» **What to work on**
If an entry holds a picture, leave that picture out; copy everything else exactly.

======

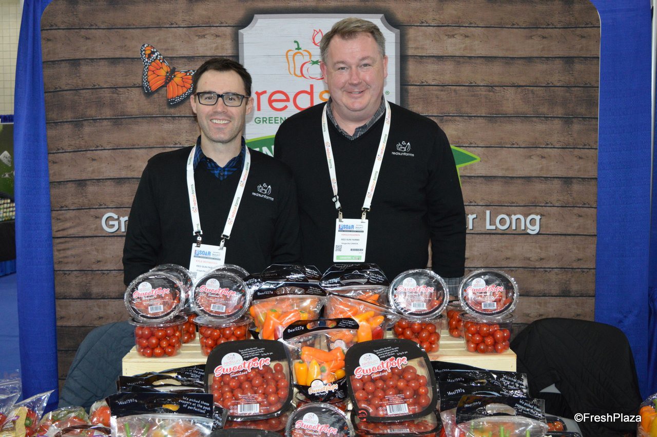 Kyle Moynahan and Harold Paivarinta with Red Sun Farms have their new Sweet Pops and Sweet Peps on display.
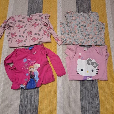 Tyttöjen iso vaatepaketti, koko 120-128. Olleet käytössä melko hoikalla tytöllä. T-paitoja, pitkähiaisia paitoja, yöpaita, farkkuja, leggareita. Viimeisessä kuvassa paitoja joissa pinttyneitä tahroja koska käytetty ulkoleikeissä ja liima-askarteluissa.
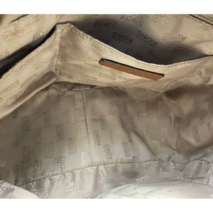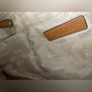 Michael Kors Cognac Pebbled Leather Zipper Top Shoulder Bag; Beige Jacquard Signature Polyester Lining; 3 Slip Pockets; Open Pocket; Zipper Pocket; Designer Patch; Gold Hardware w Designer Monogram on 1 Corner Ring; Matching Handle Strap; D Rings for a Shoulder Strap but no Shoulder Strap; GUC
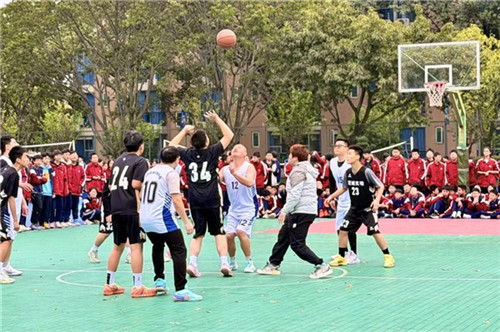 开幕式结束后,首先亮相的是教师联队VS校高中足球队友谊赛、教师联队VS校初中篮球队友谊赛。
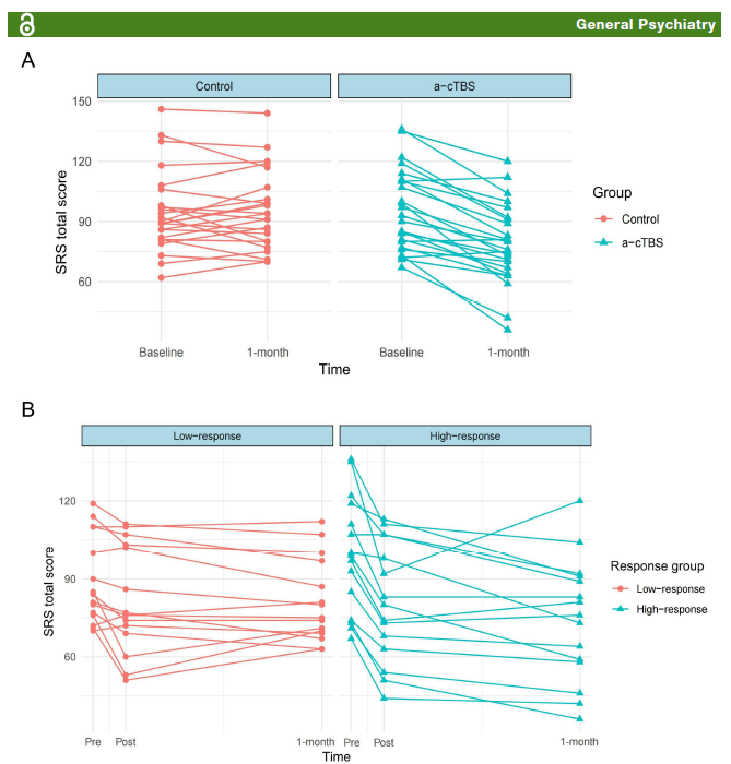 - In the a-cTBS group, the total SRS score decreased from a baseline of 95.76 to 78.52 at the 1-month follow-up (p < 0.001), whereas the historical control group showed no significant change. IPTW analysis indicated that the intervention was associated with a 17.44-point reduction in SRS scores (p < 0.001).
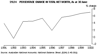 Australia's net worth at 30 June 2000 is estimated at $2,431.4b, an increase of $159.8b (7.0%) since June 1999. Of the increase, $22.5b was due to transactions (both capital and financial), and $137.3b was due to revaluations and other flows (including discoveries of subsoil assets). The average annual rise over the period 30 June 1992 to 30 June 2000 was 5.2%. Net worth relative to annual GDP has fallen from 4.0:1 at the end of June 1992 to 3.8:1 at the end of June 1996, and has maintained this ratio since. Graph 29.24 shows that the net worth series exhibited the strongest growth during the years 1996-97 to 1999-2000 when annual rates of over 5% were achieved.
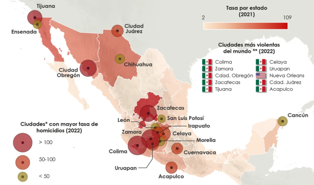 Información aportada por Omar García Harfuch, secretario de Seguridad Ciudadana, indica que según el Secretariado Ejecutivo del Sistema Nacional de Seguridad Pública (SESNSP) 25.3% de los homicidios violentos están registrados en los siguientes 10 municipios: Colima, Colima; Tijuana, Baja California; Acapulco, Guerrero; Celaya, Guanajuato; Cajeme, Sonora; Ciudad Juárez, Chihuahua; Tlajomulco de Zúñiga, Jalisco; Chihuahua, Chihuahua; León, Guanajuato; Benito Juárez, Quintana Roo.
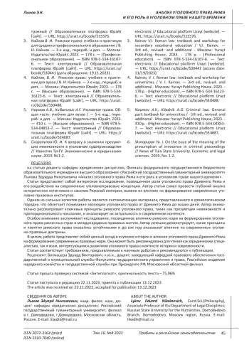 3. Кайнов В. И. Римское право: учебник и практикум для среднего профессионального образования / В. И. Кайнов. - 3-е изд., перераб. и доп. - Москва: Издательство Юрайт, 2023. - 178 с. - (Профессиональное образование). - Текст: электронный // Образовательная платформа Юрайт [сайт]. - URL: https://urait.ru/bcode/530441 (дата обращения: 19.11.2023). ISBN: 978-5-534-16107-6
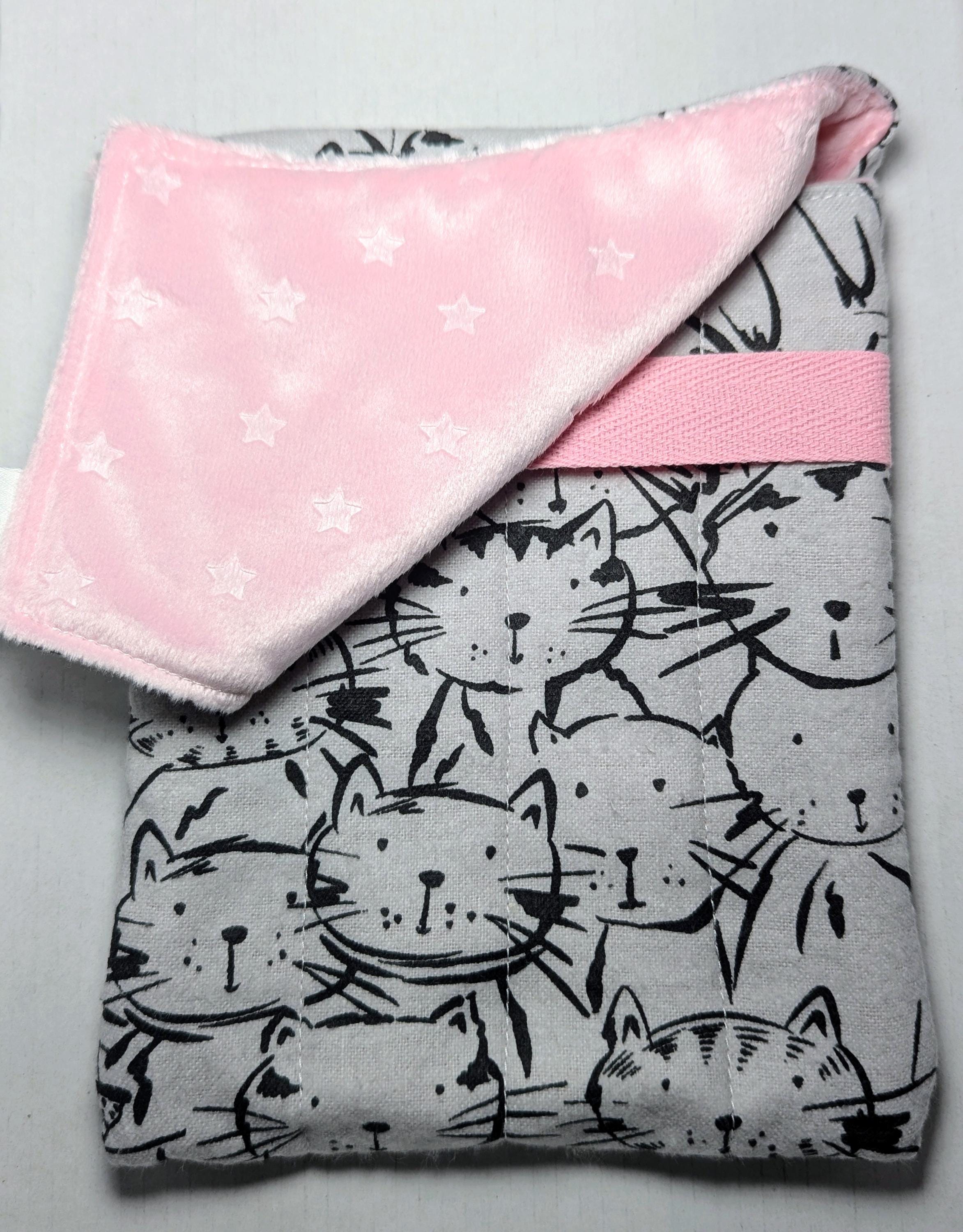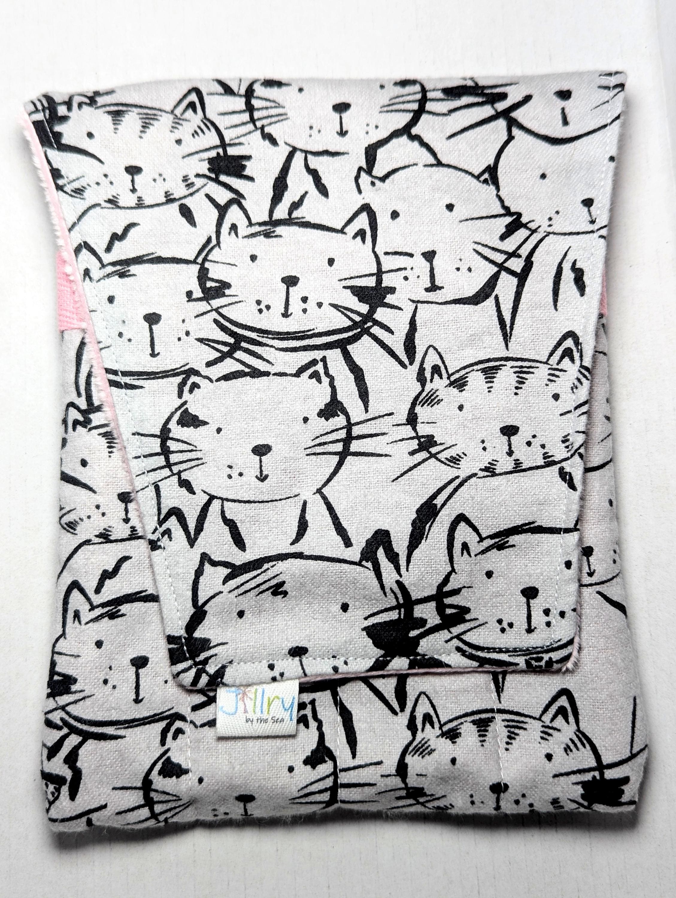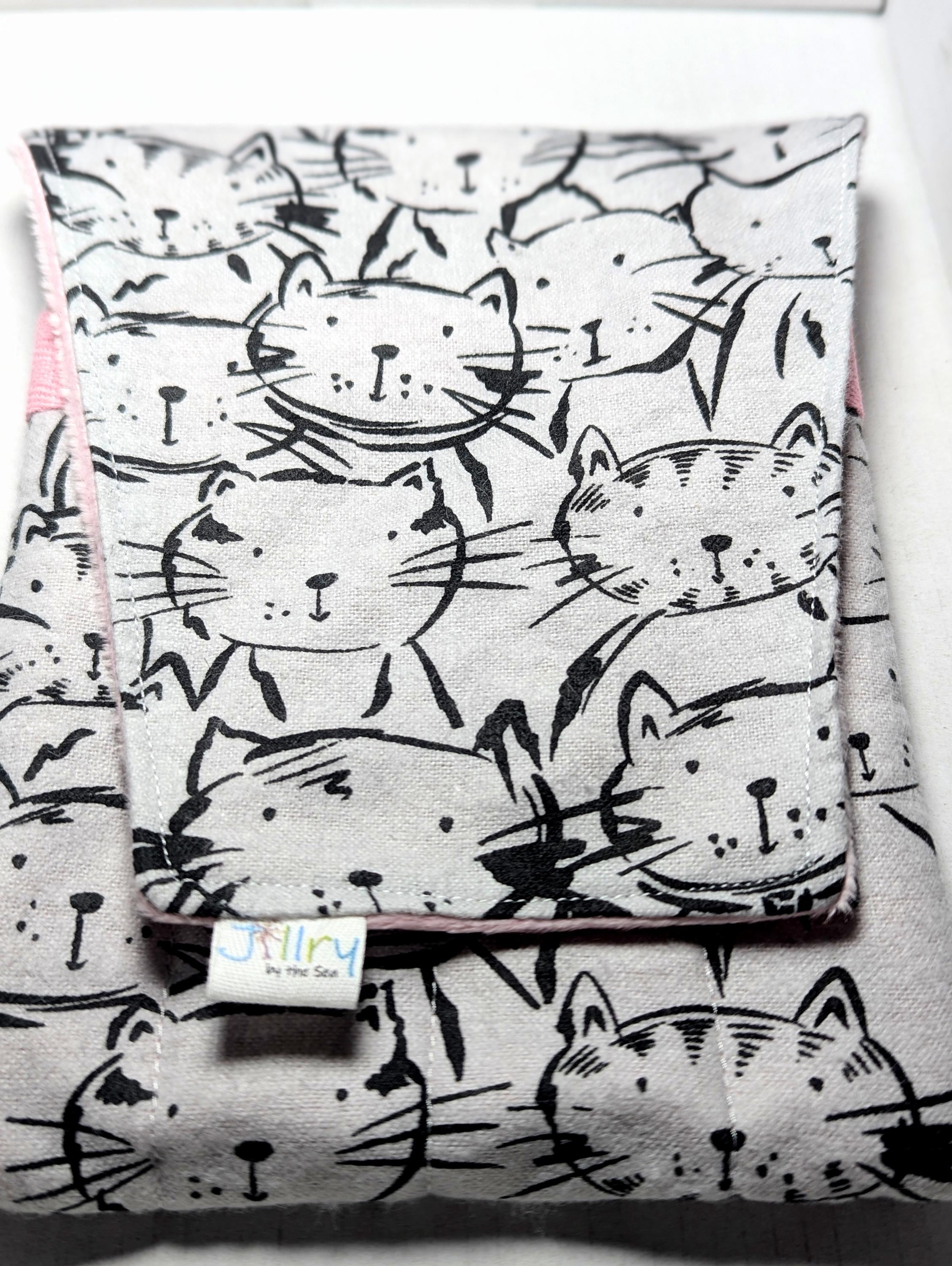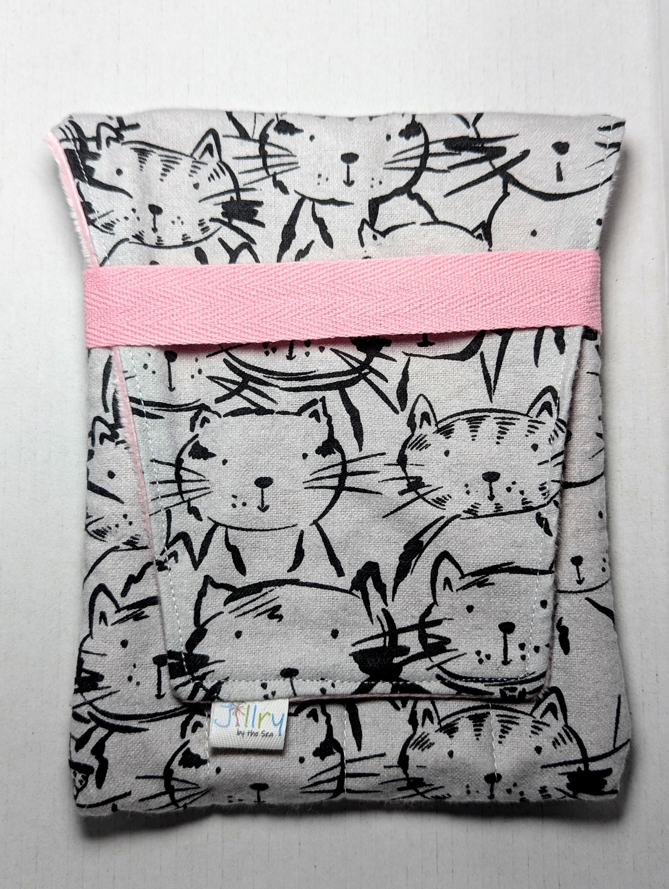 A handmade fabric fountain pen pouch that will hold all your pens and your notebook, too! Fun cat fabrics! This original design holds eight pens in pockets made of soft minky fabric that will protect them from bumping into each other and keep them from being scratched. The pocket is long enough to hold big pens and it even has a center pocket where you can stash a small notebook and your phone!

======

» **Answer to the problem**
 Kyle Moynahan and Harold Paivarinta with Red Sun Farms have their new Sweet Pops and Sweet Peps on display.
 Tyttöjen iso vaatepaketti, koko 120-128. Olleet käytössä melko hoikalla tytöllä. T-paitoja, pitkähiaisia paitoja, yöpaita, farkkuja, leggareita. Viimeisessä kuvassa paitoja joissa pinttyneitä tahroja koska käytetty ulkoleikeissä ja liima-askarteluissa.
 Michael Kors Cognac Pebbled Leather Zipper Top Shoulder Bag; Beige Jacquard Signature Polyester Lining; 3 Slip Pockets; Open Pocket; Zipper Pocket; Designer Patch; Gold Hardware w Designer Monogram on 1 Corner Ring; Matching Handle Strap; D Rings for a Shoulder Strap but no Shoulder Strap; GUC
 开幕式结束后,首先亮相的是教师联队VS校高中足球队友谊赛、教师联队VS校初中篮球队友谊赛。
 - In the a-cTBS group, the total SRS score decreased from a baseline of 95.76 to 78.52 at the 1-month follow-up (p < 0.001), whereas the historical control group showed no significant change. IPTW analysis indicated that the intervention was associated with a 17.44-point reduction in SRS scores (p < 0.001).
 Australia's net worth at 30 June 2000 is estimated at $2,431.4b, an increase of $159.8b (7.0%) since June 1999. Of the increase, $22.5b was due to transactions (both capital and financial), and $137.3b was due to revaluations and other flows (including discoveries of subsoil assets). The average annual rise over the period 30 June 1992 to 30 June 2000 was 5.2%. Net worth relative to annual GDP has fallen from 4.0:1 at the end of June 1992 to 3.8:1 at the end of June 1996, and has maintained this ratio since. Graph 29.24 shows that the net worth series exhibited the strongest growth during the years 1996-97 to 1999-2000 when annual rates of over 5% were achieved.
 Información aportada por Omar García Harfuch, secretario de Seguridad Ciudadana, indica que según el Secretariado Ejecutivo del Sistema Nacional de Seguridad Pública (SESNSP) 25.3% de los homicidios violentos están registrados en los siguientes 10 municipios: Colima, Colima; Tijuana, Baja California; Acapulco, Guerrero; Celaya, Guanajuato; Cajeme, Sonora; Ciudad Juárez, Chihuahua; Tlajomulco de Zúñiga, Jalisco; Chihuahua, Chihuahua; León, Guanajuato; Benito Juárez, Quintana Roo.
 3. Кайнов В. И. Римское право: учебник и практикум для среднего профессионального образования / В. И. Кайнов. - 3-е изд., перераб. и доп. - Москва: Издательство Юрайт, 2023. - 178 с. - (Профессиональное образование). - Текст: электронный // Образовательная платформа Юрайт [сайт]. - URL: https://urait.ru/bcode/530441 (дата обращения: 19.11.2023). ISBN: 978-5-534-16107-6
 A handmade fabric fountain pen pouch that will hold all your pens and your notebook, too! Fun cat fabrics! This original design holds eight pens in pockets made of soft minky fabric that will protect them from bumping into each other and keep them from being scratched. The pocket is long enough to hold big pens and it even has a center pocket where you can stash a small notebook and your phone!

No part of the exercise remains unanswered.